BI para Varejo: indicadores, casos de uso e como começar
BI para varejo na prática: indicadores como sell-through, ruptura e giro, casos de uso de sortimento e precificação, e como começar com o Power BI.
No varejo, o problema quase nunca é falta de dado
Toda operação de varejo produz dado o tempo inteiro: cada cupom no PDV, cada movimento de estoque no ERP, cada carrinho abandonado no e-commerce, cada troca, cada devolução. Mesmo assim, a maioria dos varejistas não consegue responder com confiança perguntas simples de gestão. Qual loja vende melhor por metro quadrado? Que parte da coleção encalhou? Quanto a ruptura de gôndola custou em venda perdida no fim de semana? É exatamente nesse vão que o BI para varejo deixa de ser relatório bonito e vira ferramenta de decisão. Um bom projeto de BI varejo não inventa número novo, ele conecta o que os sistemas já registram e transforma isso em leitura que muda comportamento.
Este artigo é para quem toca comercial, compras, operações ou TI em redes de loja física, e-commerce ou operações omni. Vou ser direto sobre os indicadores que importam, os casos de uso que pagam o projeto, de onde os dados vêm e como começar sem transformar tudo em um festival de dashboards que ninguém abre.

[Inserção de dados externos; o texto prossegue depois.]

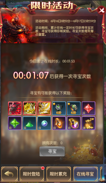 活动简介:活动期间,累计在线一定时常可获得寻宝次数,寻宝可获得珍稀奖励。寻宝次数每天零点重置。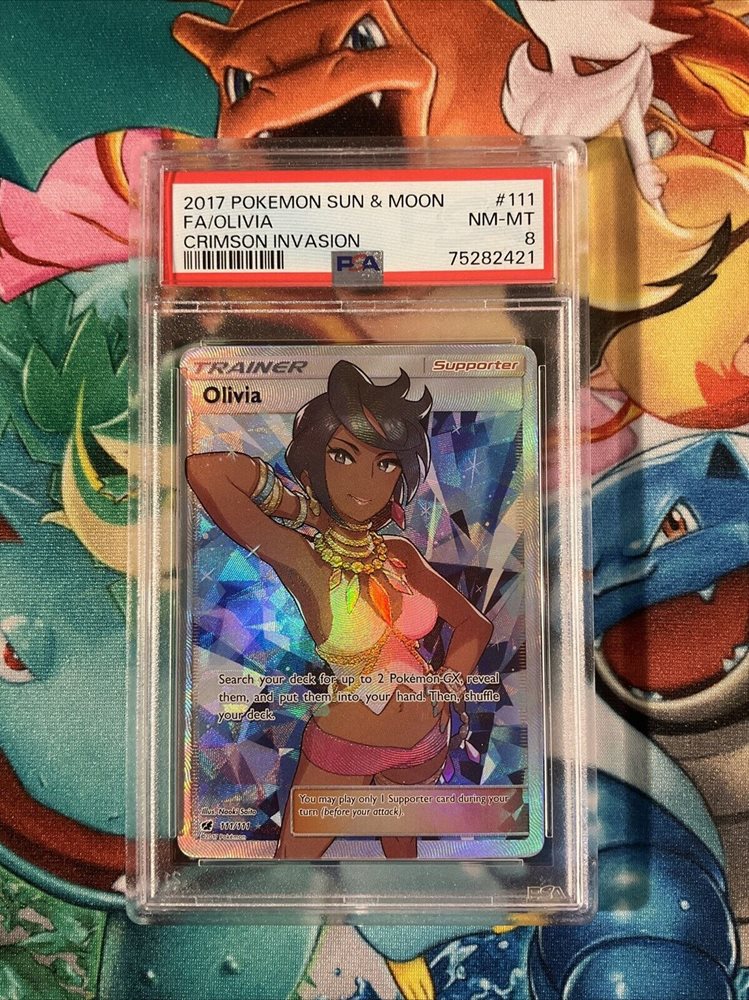 2017 Pokémon Sun & Moon Crimson Invasion 111 Full Art Olivia PSA 8 NM-MT

Os indicadores que sustentam a decisão no varejo
Antes de falar de ferramenta, alinhe o que medir. O erro clássico é abrir o Power BI, montar gráfico e só depois perceber que a definição do indicador estava frouxa. Sell-through calculado de um jeito pela loja e de outro pela matriz não é detalhe, é a origem de metade das reuniões improdutivas sobre dados. Defina a fórmula antes do visual.
A tabela abaixo reúne os indicadores que aparecem em quase todo projeto de varejo sério. Não são todos os que existem, são os que costumam mudar decisão.
| Indicador | O que mede | Fórmula resumida | Origem típica |
|---|---|---|---|
| Venda por metro quadrado | Produtividade do espaço da loja | Venda do período / Área de venda | PDV, cadastro de loja |
| Sell-through | Quanto do que entrou já vendeu | Unidades vendidas / Unidades recebidas | PDV, ERP |
| Ruptura | Falta de item disponível para venda | Itens em falta / Itens que deveriam ter estoque | ERP, PDV |
| Giro de estoque | Velocidade com que o estoque roda | Custo da venda / Estoque médio | ERP |
| Margem | Rentabilidade da venda | (Receita - Custo) / Receita | ERP, PDV |
| Ticket médio | Valor médio por transação | Receita / Número de transações | PDV, e-commerce |
Venda por metro quadrado e sell-through: eficiência de espaço e de coleção
Venda por metro quadrado é o indicador que traduz produtividade de loja física. Comparar o faturamento bruto de duas lojas engana, porque uma pode ter o dobro da área. Ao dividir pela área de venda, você compara o que de fato importa: quanto cada metro rende. É leitura obrigatória para decisão de expansão, reforma de layout e negociação de ponto.
Sell-through mede quanto de um lote de mercadoria já foi vendido em relação ao que foi recebido. No varejo de moda e de produtos com ciclo de vida curto, ele é o termômetro da coleção. Sell-through alto no começo da estação indica acerto de compra e abre espaço para reposição. Sell-through baixo perto do fim da estação é o gatilho para remarcar antes que o item vire estoque morto. O cuidado aqui é temporal: medir sell-through sem amarrar à data de recebimento e ao calendário da coleção produz número sem significado.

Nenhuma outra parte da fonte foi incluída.